Qualitative techniques
These techniques depends on human judgement and experience and are used when
data is scarce or unavailable
the time frame is so long that data is of limited use
By means of these techniques qualitative information is turned into quantitative estimates. The main qualitative techniques used are
(a)Personal insights- individual forecasts based on human judgement. There are cheap but the level of accuracy can be low.
(b)Panel consensus – a panel of experts discuss issues to arrive to a consensus forecast. Accuracy is higher than personal insights as it involves pooling of
knowledge.
(c) Market surveys
(d)Historical analogy-The performance of one product provides an analogy to predict trends of similar product in future.
(e) Delphi method- involves a panel of experts responding to questions unlike panel consensus the experts are asked independently and the responses of each
experts are presented to other experts anonymously until a consensus emerges, this increases the accuracy of the forecast. This method is however costly
Quantitative techniques
(a) Casual methods – involves the use of mathematical models to link cause and effect eg relationship between price and demand of a product. By establishing
the statistical relationship between the dependent and independent variables such as sales and advertising expenditure it is possible to forecast trends in one
variable from movements in another variable.
(b) Time series analysis- A time series is a set of data recorded over uniform time periods such as a month or year which shows how the variable has behaved
over time. The analysis of time series involves decomposing the data to establish a pattern, if the pattern is shown to exist then there is a basis for predicting
trends into the future. A trend is a long-term movement of a variable and can have fluctuations/variations which are
seasonal- associated with seasons
cyclical –booms and slumps causes cyclical fluctuations occur in medium term eg 5years.
Random variations- occur as a result of major disturbances such as war or substantial rise in disposable income.

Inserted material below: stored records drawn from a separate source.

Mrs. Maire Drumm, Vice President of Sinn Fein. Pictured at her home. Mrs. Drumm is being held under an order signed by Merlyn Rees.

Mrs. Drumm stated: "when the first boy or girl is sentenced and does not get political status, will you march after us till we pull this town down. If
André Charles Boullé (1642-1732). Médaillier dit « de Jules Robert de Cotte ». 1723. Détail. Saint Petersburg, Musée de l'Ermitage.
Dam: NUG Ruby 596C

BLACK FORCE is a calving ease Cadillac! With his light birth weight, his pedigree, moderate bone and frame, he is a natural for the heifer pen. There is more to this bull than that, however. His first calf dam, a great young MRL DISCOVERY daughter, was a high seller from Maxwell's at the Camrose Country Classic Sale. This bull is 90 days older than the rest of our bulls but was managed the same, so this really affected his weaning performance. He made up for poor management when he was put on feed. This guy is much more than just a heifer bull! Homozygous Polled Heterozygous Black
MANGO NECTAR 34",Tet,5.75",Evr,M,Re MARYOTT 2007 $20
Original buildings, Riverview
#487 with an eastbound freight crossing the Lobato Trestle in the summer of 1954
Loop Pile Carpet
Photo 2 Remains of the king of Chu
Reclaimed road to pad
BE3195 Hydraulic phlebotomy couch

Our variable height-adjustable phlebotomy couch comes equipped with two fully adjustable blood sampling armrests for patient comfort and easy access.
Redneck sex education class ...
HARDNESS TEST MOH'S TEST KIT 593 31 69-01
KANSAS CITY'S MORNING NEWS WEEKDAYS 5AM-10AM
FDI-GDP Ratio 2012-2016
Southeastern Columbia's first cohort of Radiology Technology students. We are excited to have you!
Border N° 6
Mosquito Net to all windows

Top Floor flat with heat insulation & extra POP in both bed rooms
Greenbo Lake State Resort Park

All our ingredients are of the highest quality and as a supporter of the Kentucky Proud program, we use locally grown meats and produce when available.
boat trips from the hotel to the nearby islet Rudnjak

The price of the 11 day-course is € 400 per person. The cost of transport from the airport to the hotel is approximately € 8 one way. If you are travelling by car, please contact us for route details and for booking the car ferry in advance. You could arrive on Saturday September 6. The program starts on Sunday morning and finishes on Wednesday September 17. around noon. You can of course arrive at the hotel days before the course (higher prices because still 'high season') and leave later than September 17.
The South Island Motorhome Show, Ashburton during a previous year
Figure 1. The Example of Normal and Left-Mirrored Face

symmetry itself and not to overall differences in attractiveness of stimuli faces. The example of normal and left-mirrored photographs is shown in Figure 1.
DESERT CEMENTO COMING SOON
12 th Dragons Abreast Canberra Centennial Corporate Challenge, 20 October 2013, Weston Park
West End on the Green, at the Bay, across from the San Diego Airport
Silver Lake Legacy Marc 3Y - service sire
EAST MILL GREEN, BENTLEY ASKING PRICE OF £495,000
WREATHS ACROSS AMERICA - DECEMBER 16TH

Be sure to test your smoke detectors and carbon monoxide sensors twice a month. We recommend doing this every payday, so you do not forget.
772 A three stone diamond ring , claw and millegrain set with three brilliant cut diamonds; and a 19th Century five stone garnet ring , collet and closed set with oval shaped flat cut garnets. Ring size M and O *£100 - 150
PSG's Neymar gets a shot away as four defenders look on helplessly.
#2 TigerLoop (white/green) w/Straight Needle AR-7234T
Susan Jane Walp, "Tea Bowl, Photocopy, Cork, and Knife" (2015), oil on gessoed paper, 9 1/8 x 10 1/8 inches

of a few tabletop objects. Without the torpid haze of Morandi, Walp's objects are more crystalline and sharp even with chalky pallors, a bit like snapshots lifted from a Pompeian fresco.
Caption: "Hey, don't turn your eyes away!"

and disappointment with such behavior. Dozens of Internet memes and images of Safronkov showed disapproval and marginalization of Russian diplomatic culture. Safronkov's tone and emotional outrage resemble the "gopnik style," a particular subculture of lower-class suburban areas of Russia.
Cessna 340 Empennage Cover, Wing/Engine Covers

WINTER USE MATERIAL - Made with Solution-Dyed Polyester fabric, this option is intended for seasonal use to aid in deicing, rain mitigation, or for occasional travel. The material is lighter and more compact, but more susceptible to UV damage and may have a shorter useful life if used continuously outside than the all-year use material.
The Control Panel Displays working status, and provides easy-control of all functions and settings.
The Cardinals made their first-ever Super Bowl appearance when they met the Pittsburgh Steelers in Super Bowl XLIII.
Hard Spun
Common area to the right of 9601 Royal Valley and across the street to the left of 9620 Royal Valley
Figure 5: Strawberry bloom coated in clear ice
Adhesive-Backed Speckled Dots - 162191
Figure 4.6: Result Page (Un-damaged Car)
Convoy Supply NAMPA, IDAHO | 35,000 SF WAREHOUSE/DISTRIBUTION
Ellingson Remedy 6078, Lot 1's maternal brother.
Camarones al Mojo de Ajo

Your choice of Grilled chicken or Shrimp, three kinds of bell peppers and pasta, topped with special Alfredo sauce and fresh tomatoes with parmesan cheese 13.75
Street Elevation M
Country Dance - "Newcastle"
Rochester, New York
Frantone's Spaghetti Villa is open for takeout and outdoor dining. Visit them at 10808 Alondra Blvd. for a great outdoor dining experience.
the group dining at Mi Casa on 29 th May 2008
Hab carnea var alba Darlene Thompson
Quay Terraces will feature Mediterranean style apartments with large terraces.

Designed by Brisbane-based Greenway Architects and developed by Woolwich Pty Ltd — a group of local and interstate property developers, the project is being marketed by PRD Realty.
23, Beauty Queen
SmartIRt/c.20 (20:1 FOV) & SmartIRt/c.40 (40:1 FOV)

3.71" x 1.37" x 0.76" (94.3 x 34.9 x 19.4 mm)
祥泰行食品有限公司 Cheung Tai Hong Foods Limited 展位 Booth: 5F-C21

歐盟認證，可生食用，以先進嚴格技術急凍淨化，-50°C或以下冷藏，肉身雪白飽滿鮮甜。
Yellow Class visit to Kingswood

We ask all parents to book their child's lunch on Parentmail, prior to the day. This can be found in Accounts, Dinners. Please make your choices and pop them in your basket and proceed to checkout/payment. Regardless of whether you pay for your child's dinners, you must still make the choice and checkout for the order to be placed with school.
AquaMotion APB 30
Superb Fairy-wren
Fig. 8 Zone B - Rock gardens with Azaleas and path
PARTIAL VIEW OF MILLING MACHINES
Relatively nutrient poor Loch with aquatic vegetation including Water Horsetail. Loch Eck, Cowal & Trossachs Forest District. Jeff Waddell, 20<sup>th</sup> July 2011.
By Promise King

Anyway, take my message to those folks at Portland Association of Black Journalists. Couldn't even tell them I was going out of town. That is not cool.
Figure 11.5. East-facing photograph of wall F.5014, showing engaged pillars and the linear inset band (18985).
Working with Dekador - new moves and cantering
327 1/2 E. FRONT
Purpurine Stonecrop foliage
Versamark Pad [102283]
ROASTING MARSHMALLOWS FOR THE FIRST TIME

(c) Moving averages – A moving average is the one which is updated as new information is received eg inflation rate which is an average price rise over the last
12 months . At each successive updating one moth is dropped and replaced by the latest month. Moving averages also help in forecasting the future trend of a
variable.
Limitations of moving averages
a. It gives equal weight to all values however it is argued that recent data is more relevant and should be given more weight.
b. Does not take into account data outside the period of the average
c. Requires more data and is complicated to use if there is more items in stock.
Extrapolation
Extrapolation is the process of projecting the trend line into the future and is done in Time series analysis and moving averages when forecasting the future
trend of a variable.
MARKET SEGMENTATION
Market segmentation is the subdivision of a large heterogeneous market into small homogeneous sub markets where each sub market can be realised by a
distinct marketing effort. It is the subdividing of a large undefined market into smaller group consumers know as market segments with similar spending
pattern. A market segment is a sub-group of a whole market in which consumers have similar characteristics eg in terms of age ,income levels etc.
Segmentation is important because the market is undefined and consist of different consumers with different buying patterns and characteristics and can be
better served by grouping customers into distinct groups.